Does the Location Rating effect the minimum income of listings (past 12 months)

Code

romeListings[["rating_location_category", "rating_category", "value_category"]] = df[["rating_location_category", "rating_category", "value_category"]]

ax = sns.relplot(data= romeListings, x="review_scores_location", y ="min_income_past_12m" ,alpha=0.25)
plt.xticks([0, 1, 2, 3, 4, 5], ["0", "1", "2", "3", "4", "5"])
plt.yscale("log")
plt.title("The minimum income of listings based on location rating")
plt.xlabel("Rating")
plt.ylabel("average minimum income of listings (past 12 months)")
plt.show()

We can see that there is an upward trend that indicate, that listings with higher location review score had higher average minimum income for the past year.

Code

data = romeListings.groupby("rating_location_category")["min_income_past_12m"].mean().sort_values(ascending=False)
sns.barplot(x=data.index, y=data)
plt.title("The Average minimum income of listings based on location rating")
plt.xlabel("Rating")
plt.ylabel("average minimum income of listings (past 12 months)")
plt.show()

We can see here also that Good and Great, both have higher average minimum income than the rest of the categories.

What about the expected income for the next 3 months? let’s check it out.

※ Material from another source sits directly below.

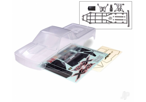 The heavy duty X-Monster Chevrolet GMT400 CK body is made from thick 2 mm polycarbonate for increased durability. The clear body comes fully trimmed and ready to paint with decal sheets, window masking, and pre-applied overspray film. Includes inner cage, clipless body latches, body reinforcements, and mounting hardware.

Does the Location Rating effect the expected average income (next 3 months)

Code

data = romeListings.groupby("rating_location_category")["expected_income_coming_3m"].mean().sort_values(ascending=False)
sns.barplot(x=data.index, y=data)
plt.title("The Expected Income in 3 Months for Listings based on rating")
plt.xlabel("Rating")
plt.ylabel("average income (next 3 months)")
plt.show()

Frome the above figure, it looks like listings with Great location review score are expected to have the highest minimum income for the next three months.

Code

data = romeListings.groupby("rating_location_category")["expected_booked_nights_coming_3m"].mean().sort_values(ascending=False)
sns.barplot(x=data.index, y=data)
plt.title("The Expected Booked Nights in 3 Months for Listings based on rating")
plt.xlabel("Rating")
plt.ylabel("Booked nights (next 3 months)")
plt.show()

It seems that listings with Great, Good or Okay location review score are expected to be booked more than the other categories for the next three months.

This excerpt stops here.